Photojournalism or Movie Ad?
Continuing on my catching up … over at PhotoShelter, Allen Murabayashi takes on the question of over toning images, to the point they look like movie posters.
I fully support Murabayashi except for the first part of this excerpt:
To be clear, I’m not suggesting that there has been any manipulation that falls outside of the rules of the contest, but when images cease to look real and to be overly retouched, we have a veracity problem. And if we subscribe to the common ethos of photojournalism (i.e. that we are trying not to deceive the viewer), then we have an increasingly enigmatic issue. This movie poster look reminds me of this article about Hollywood’s obsession with teal and orange. We have somehow come to believe that the images look better with copious amounts of Photoshop vs what is straight out of the camera.
I think it has fallen outside of the rules of the World Press Photo competition. The inclusion of the word “press” implies journalism, and none of the images he questions are journalism anymore – they are illustrations.

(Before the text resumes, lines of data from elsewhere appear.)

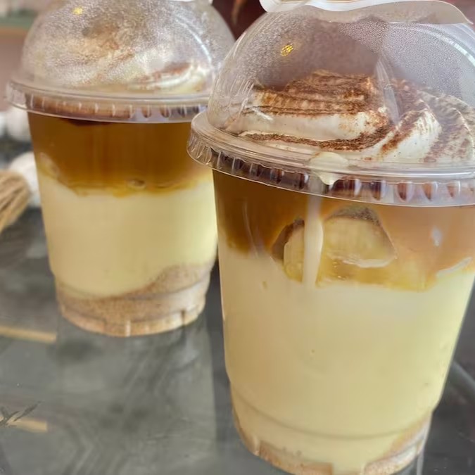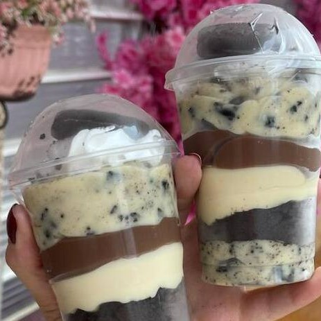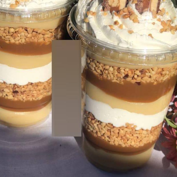 2 Deliciosos Banoffe feito com exclusivo Creme de pavê, bananas caramelizadas, doce de leite Artesanal, farofa de bolacha e chantilly com canela.
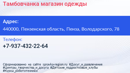 Тамбовчанка, магазин одежды по адресу 440000, Пензенская область, Пенза, Володарского, 78 в дальнейшем Организация, размещена в следующих категориях:
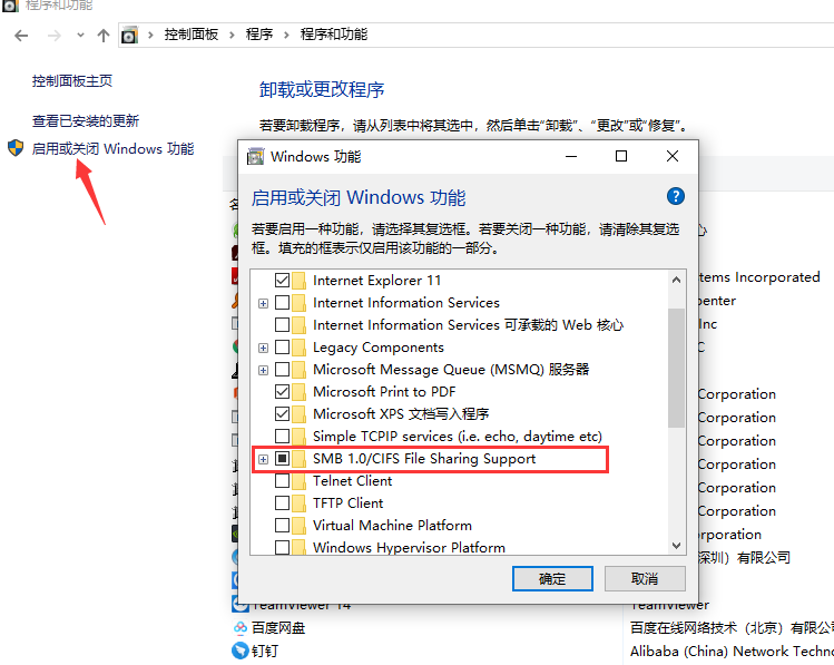 5、在電腦端打開控制面板,點擊【程序】——【卸載程序】,進入以下界面,然后點擊左側的【啟用和關閉Windows功能】,在窗口中勾選【SMB1.0文件共享支持】,確定,重啟電腦,
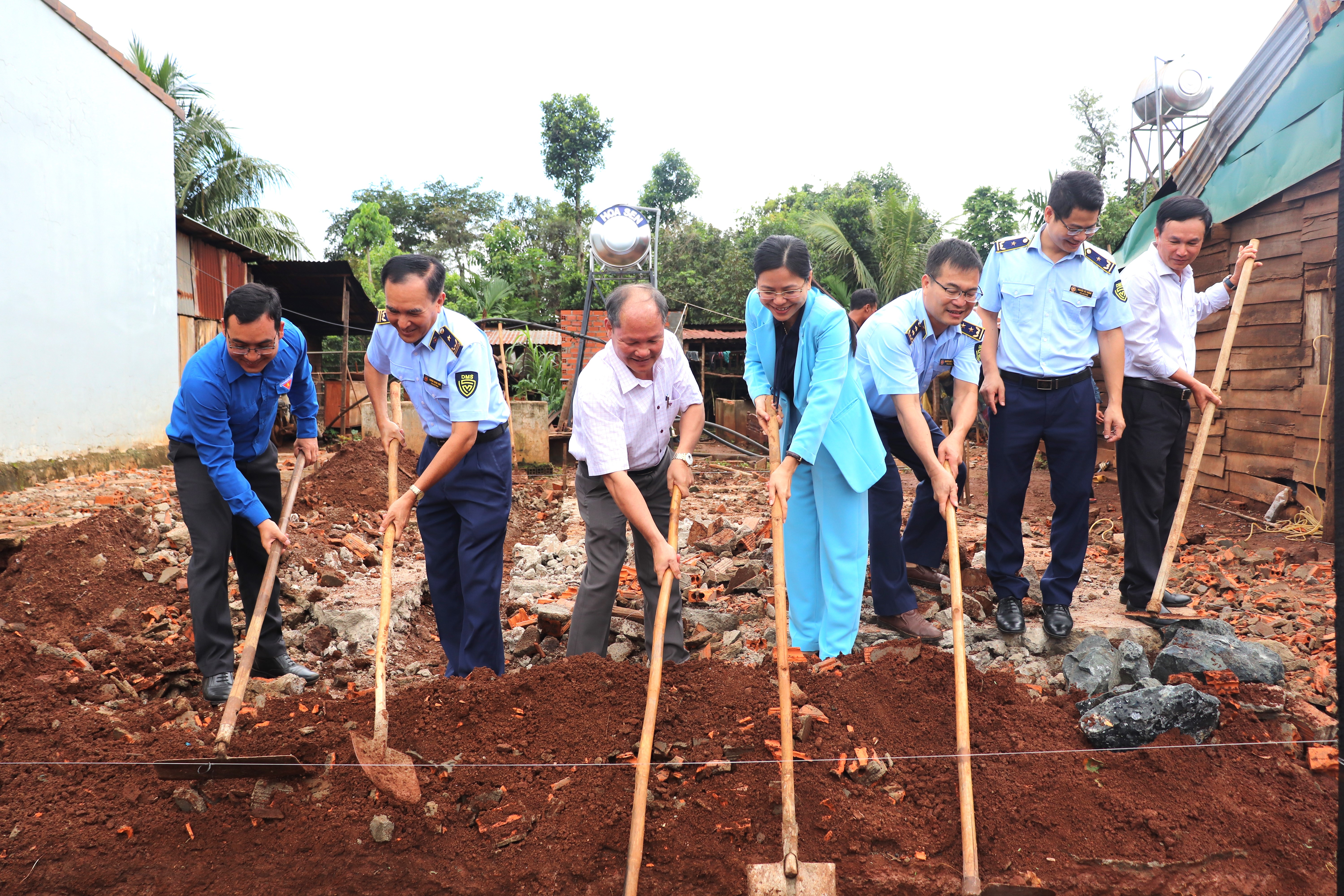 | Đại diện Cục Quản lý thị trường và các cấp chính quyền địa phương thực hiện nghi thức động thổ xây dựng Nhà nhân ái |

So what do we do? His suggestion that contests require submission of untouched original files is right on the money. What message do we send when we give awards to images that no longer reflect reality? That are impossibilities? That have become, at their core, visual lies?
My students occasionally complain that I spend too little time teaching them Photoshop, that other programs spend more time on it. They are absolutely right, I spend comically little time teaching it because it is a tool that scares me. I grew up on Kodachromes (yeah, I went there) – get it right in the camera and life is much easier.
Because no one will ever save democracy by sitting in a dark room pushing pixels around.
I have always wondered about this because I know when I shoot a great image, it looks as though it’ll never be as “brilliant” or “amazing” looking as those in that article.
This photo is such a non issue. People are freaking out because the printed version looks more contrasty and saturated than the WPP version. Photos come out of the camera without tons of contrast or saturation!
I’d be much more concerned about the Washington Post photographer who cloned a ref out of a winning wrestling photo.